What the task requires: Given these entries, repeat exactly the lines starting with the one that has "Tout mortel a" and going on through the one that has "Welkom doormat met", both included, but none of the pictures.

Records for this exercise:
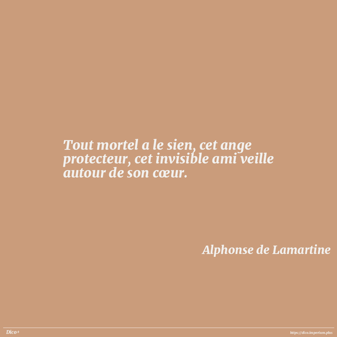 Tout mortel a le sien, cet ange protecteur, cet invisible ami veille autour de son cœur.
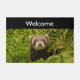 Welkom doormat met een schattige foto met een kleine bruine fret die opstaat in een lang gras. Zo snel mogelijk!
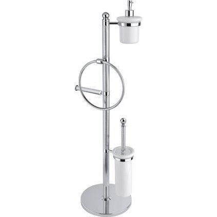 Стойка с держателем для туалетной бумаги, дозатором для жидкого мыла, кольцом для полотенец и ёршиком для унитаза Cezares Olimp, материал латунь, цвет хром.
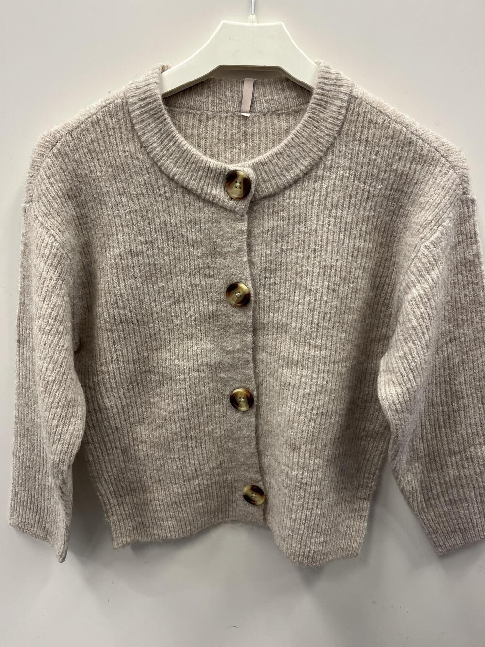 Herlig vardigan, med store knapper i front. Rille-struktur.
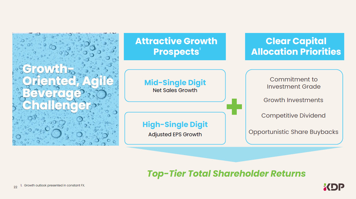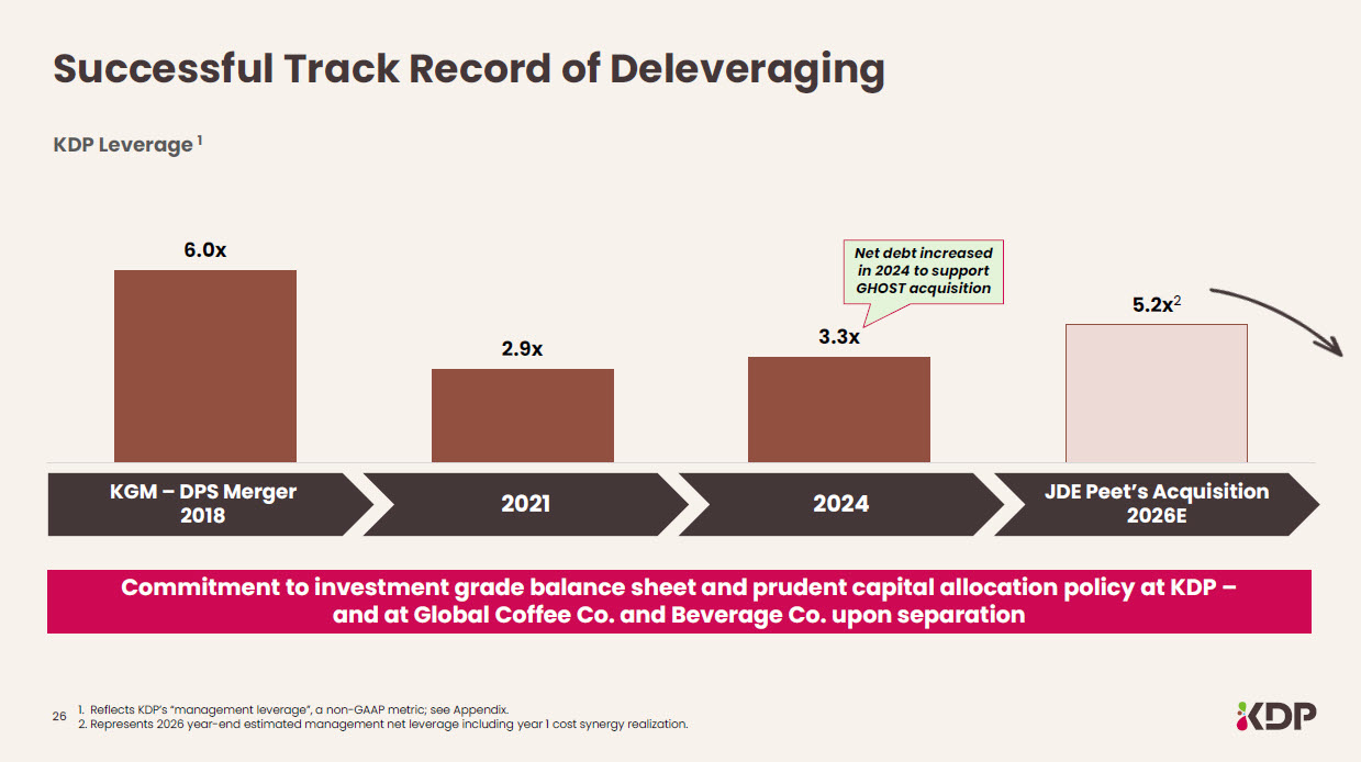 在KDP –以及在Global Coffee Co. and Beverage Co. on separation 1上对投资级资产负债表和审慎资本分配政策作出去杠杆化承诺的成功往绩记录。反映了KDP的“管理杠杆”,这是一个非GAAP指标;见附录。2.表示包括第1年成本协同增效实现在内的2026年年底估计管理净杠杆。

--

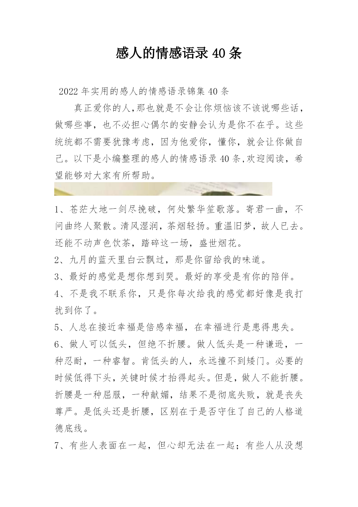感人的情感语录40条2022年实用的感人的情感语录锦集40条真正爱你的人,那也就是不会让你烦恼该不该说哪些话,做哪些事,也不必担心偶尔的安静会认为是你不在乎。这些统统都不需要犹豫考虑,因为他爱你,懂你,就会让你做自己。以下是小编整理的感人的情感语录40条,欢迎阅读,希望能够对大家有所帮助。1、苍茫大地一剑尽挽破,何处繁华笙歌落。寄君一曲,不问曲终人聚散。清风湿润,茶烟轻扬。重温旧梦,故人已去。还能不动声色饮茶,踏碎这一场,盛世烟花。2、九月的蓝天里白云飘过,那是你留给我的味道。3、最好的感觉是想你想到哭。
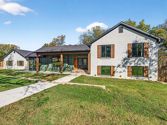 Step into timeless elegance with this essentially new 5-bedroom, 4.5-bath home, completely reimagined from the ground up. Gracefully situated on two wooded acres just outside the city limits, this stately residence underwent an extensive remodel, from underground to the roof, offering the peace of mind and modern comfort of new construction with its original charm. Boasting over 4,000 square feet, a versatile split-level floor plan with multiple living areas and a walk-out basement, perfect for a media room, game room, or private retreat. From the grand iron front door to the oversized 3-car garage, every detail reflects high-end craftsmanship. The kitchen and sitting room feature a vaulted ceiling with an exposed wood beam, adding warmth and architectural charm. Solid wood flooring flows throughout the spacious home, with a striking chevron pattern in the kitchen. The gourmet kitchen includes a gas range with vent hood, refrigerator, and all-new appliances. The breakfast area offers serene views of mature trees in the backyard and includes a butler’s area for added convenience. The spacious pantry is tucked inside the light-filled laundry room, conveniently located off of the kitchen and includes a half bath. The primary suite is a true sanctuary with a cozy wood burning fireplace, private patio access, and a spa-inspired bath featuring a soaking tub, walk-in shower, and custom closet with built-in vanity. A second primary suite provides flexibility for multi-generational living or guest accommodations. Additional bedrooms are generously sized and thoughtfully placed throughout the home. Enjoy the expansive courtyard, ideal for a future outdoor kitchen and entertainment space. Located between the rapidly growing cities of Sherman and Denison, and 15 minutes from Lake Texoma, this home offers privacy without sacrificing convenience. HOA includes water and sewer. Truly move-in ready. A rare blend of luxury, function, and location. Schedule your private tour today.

Solved exercise:
 Tout mortel a le sien, cet ange protecteur, cet invisible ami veille autour de son cœur.
 Welkom doormat met een schattige foto met een kleine bruine fret die opstaat in een lang gras. Zo snel mogelijk!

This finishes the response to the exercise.